12. The method of claim 1, wherein the Semax compound is a sodium salt of N-acetyl-Semax.

13. The method of claim 1, wherein the Semax compound is an ammonium chloride salt of N-acetyl-Semax.

14. The method of claim 1, wherein the therapy is initiated at least about 4 hours after the patient suffered the ischemic stroke.

15. A pharmaceutical composition, comprising:

(a) a therapeutically effective amount of Semax or a derivative or a pharmaceutically salt thereof;

(b) a therapeutically effective amount of CBD (cannabidiol); and,

(c) optionally, a pharmaceutical acceptable carrier.

16. The pharmaceutical composition of claim 15, comprising: a pharmaceutical acceptable carrier.

17. The pharmaceutical composition of claim 15, wherein the pharmaceutical composition is in liquid form.

18. The pharmaceutical composition of claim 15, wherein the pharmaceutical composition is in solid form.

19. The pharmaceutical composition of claim 15, wherein the Semax compound is selected from:

a.

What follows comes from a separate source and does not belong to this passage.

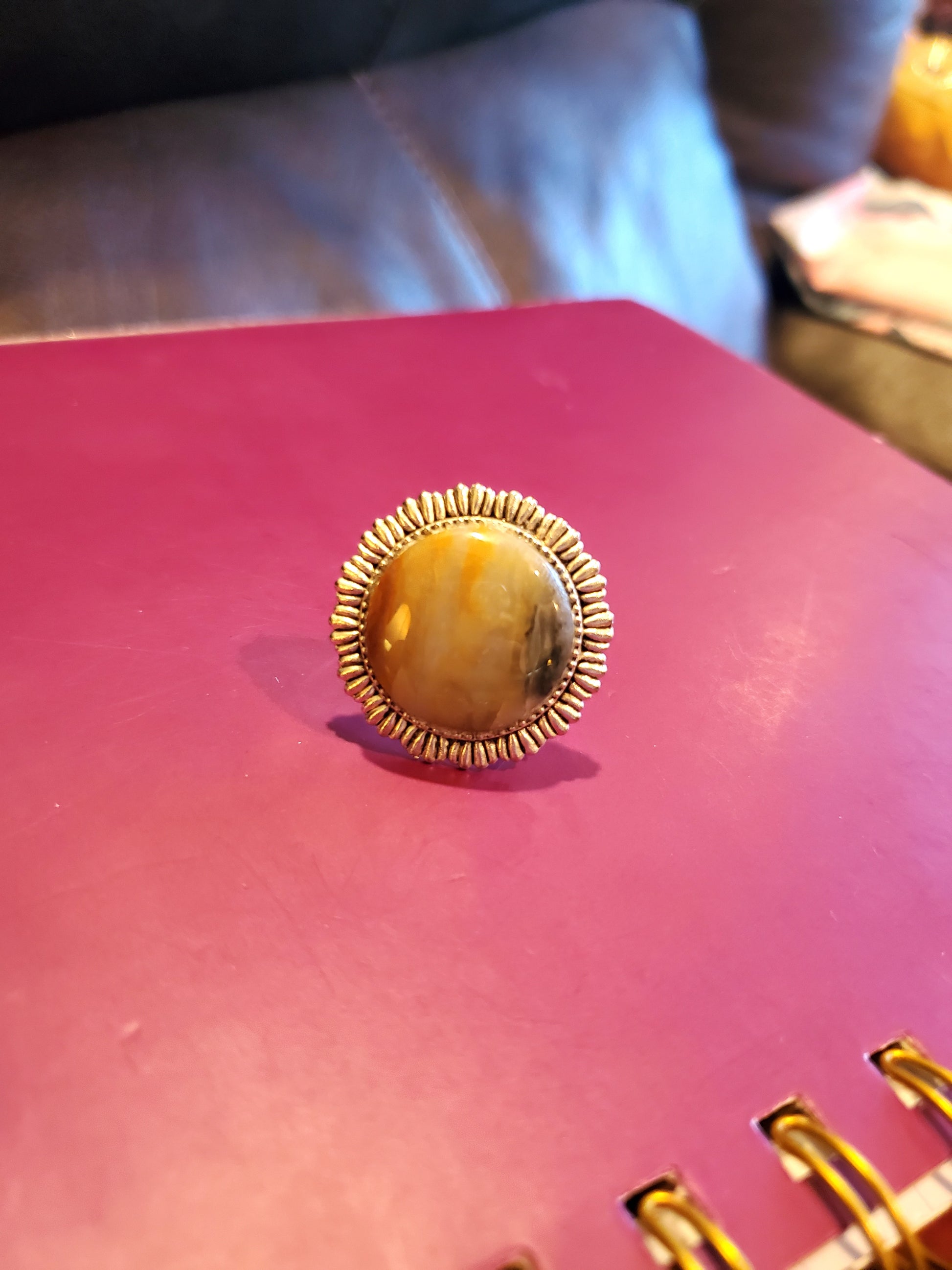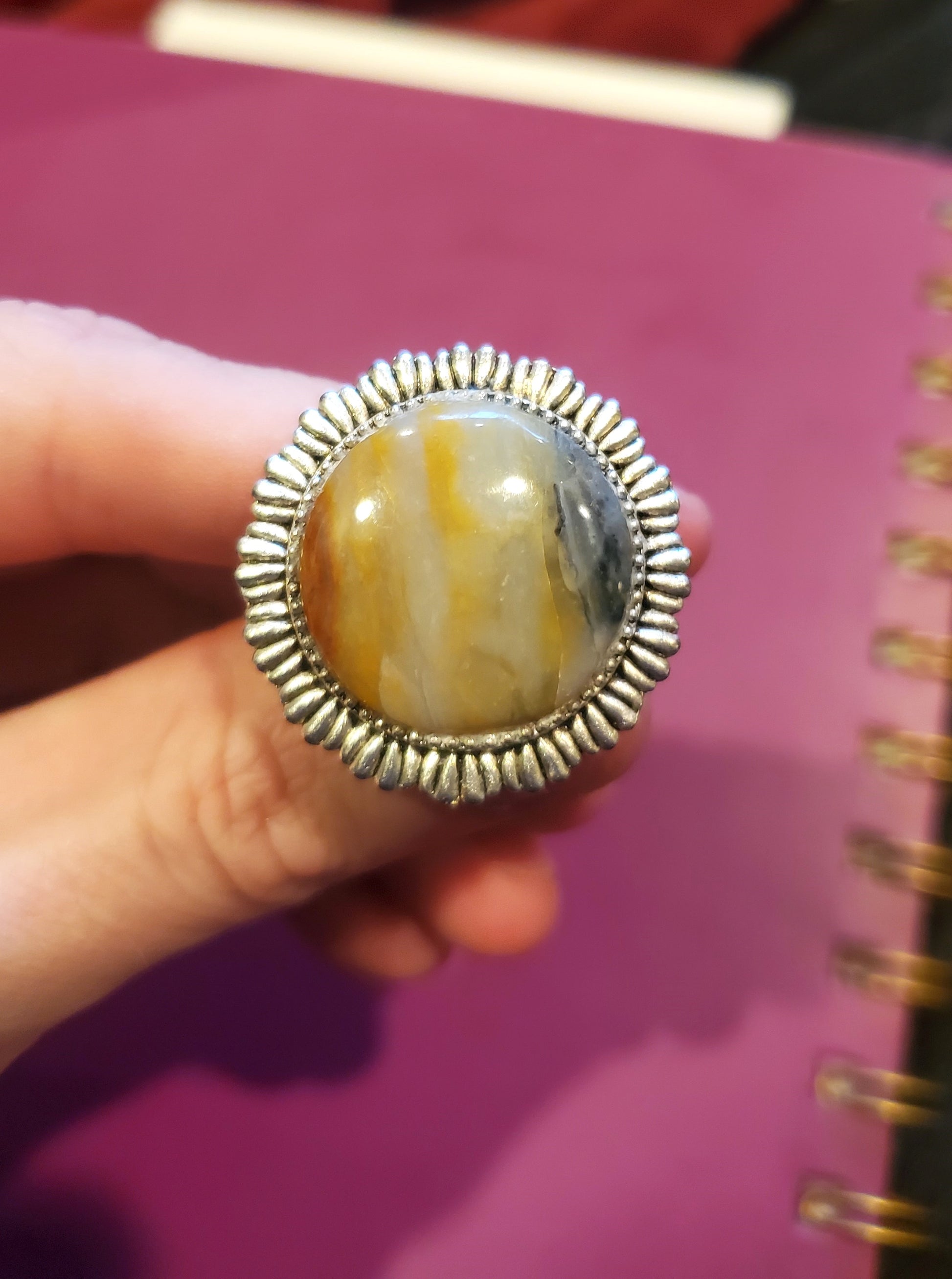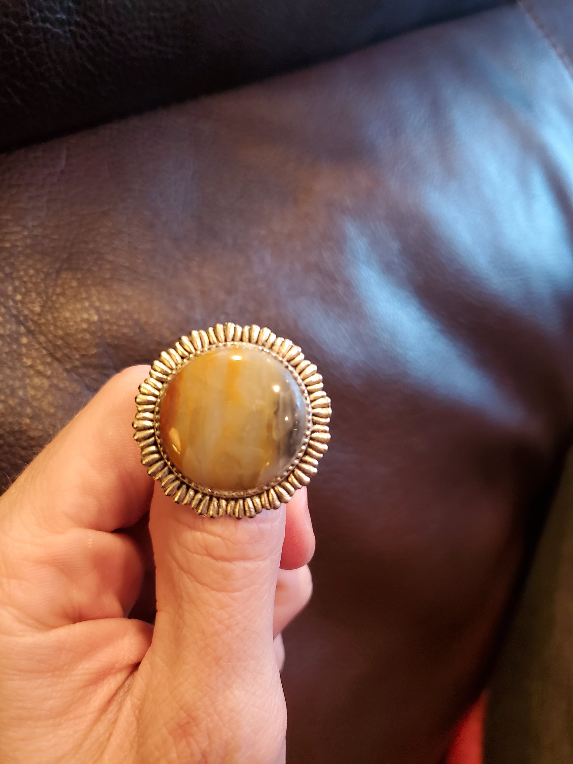 Blackfoot Jasper Adjustable Ring - 20mm Round Cab, Radial Setting

Semax;

b. a pharmaceutically acceptable salt of Semax;

c. a sodium salt of Semax;

d. an ammonium chloride salt of Semax;

e. N-acetyl-Semax;

f. a pharmaceutically acceptable salt of N-acetyl Semax;

g. a sodium salt of N-acetyl-Semax; and,

h. an ammonium chloride salt of N-acetyl-Semax.

20. The pharmaceutical composition of claim 15, wherein the Semax compound is Semax itself.